» Work item: Return, exactly and in full, the lines of the records below starting at the one with "黄色描金华尔街牛招财摆件陶瓷客厅办公室装饰摆设开业乔迁礼品" and ending at the one with "Seine berühmte Mama", and no other lines.

Start of Records

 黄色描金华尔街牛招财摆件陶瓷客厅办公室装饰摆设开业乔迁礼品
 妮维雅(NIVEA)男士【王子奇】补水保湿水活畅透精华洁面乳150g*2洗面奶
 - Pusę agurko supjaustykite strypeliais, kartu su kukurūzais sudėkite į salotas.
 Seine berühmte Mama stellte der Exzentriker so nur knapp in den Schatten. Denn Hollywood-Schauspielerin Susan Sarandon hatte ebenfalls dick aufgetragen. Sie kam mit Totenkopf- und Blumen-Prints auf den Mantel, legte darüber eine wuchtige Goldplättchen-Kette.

End of Records
Start of Records

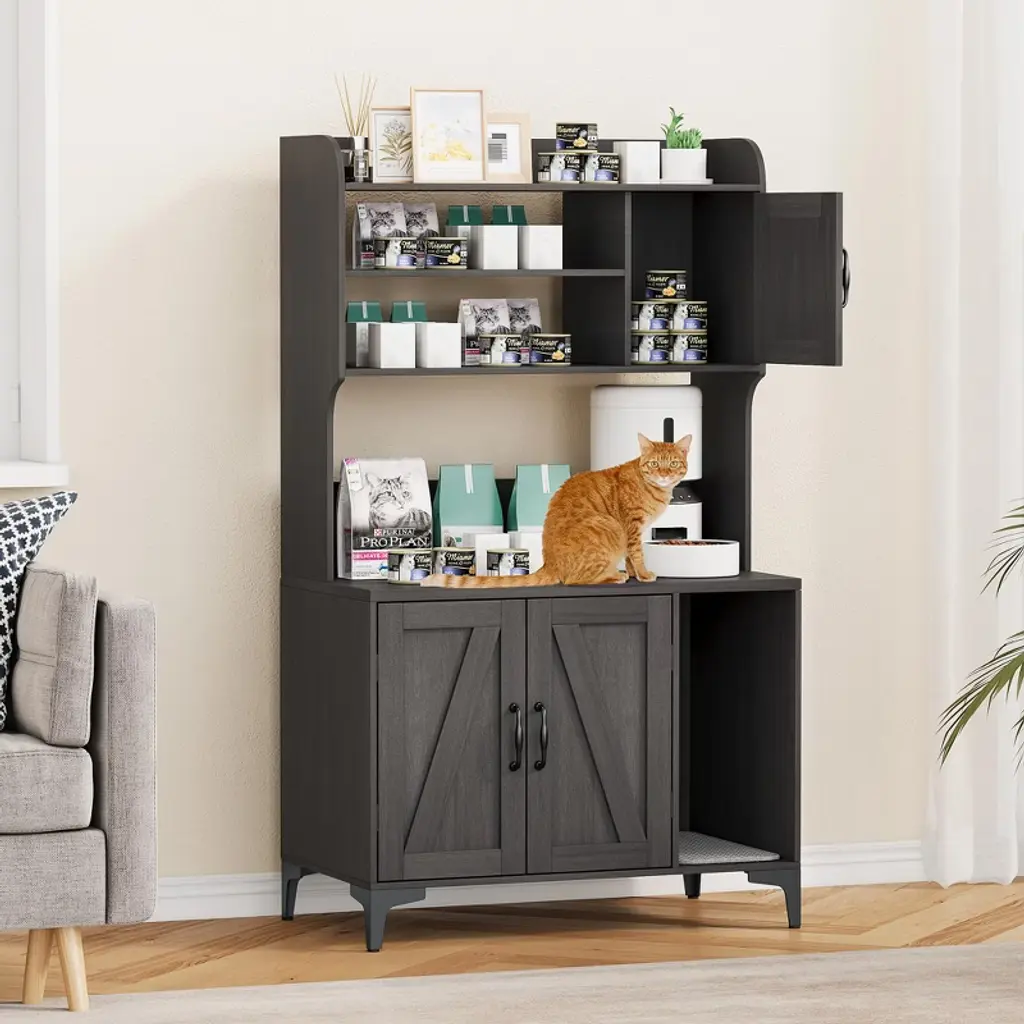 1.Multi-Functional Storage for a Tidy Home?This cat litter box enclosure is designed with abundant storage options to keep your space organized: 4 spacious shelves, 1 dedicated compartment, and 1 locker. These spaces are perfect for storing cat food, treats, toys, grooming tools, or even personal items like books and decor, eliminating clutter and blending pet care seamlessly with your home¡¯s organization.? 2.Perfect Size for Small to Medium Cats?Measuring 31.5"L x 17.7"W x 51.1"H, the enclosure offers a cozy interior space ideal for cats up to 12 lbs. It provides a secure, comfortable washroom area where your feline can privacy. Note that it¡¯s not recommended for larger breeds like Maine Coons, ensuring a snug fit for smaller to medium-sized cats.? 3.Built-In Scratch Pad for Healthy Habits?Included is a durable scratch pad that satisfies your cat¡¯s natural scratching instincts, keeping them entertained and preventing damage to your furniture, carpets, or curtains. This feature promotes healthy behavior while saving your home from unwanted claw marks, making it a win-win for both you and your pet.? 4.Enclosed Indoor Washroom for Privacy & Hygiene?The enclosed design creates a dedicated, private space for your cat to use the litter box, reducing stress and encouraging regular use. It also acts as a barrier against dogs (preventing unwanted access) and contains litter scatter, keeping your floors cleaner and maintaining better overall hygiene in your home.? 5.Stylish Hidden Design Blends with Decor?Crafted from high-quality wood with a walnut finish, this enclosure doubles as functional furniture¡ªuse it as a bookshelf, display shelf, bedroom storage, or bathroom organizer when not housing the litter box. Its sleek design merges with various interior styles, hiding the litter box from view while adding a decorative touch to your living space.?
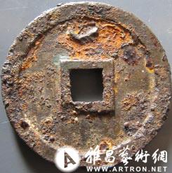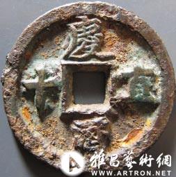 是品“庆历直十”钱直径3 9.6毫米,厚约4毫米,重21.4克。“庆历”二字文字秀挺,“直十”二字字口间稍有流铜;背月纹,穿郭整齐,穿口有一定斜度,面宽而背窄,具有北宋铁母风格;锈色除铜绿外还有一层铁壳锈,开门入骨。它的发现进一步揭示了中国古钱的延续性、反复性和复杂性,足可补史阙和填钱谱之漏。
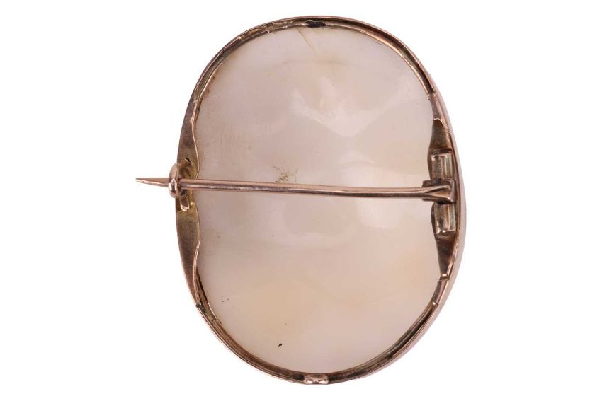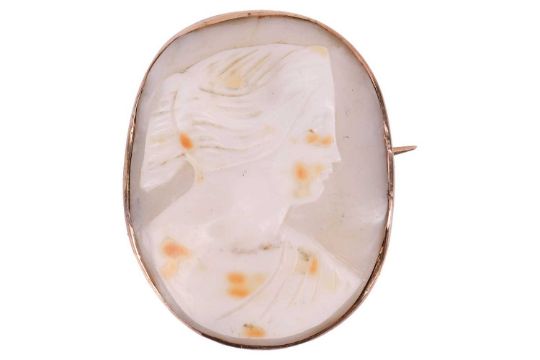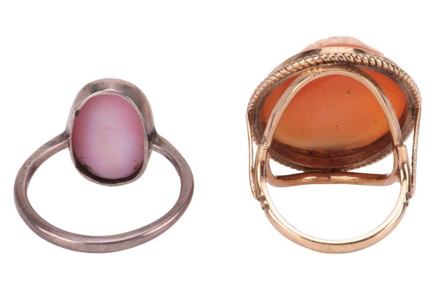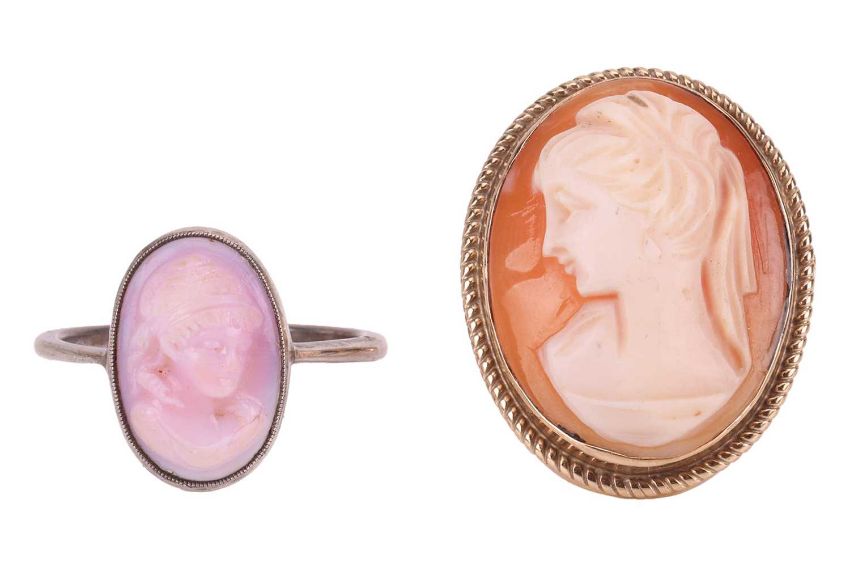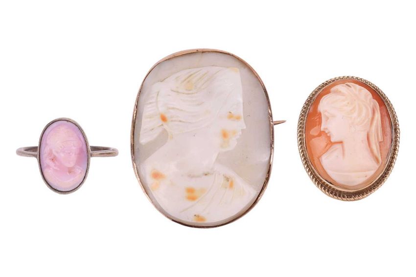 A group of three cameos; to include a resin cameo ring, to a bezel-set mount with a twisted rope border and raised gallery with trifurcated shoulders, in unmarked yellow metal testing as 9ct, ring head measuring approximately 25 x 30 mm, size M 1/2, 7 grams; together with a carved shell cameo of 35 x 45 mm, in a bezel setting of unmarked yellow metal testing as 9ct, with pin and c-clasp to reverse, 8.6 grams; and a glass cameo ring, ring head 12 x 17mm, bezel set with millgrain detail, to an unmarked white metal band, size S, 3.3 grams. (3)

End of Records

» Solved exercise:
 黄色描金华尔街牛招财摆件陶瓷客厅办公室装饰摆设开业乔迁礼品
 妮维雅(NIVEA)男士【王子奇】补水保湿水活畅透精华洁面乳150g*2洗面奶
 - Pusę agurko supjaustykite strypeliais, kartu su kukurūzais sudėkite į salotas.
 Seine berühmte Mama stellte der Exzentriker so nur knapp in den Schatten. Denn Hollywood-Schauspielerin Susan Sarandon hatte ebenfalls dick aufgetragen. Sie kam mit Totenkopf- und Blumen-Prints auf den Mantel, legte darüber eine wuchtige Goldplättchen-Kette.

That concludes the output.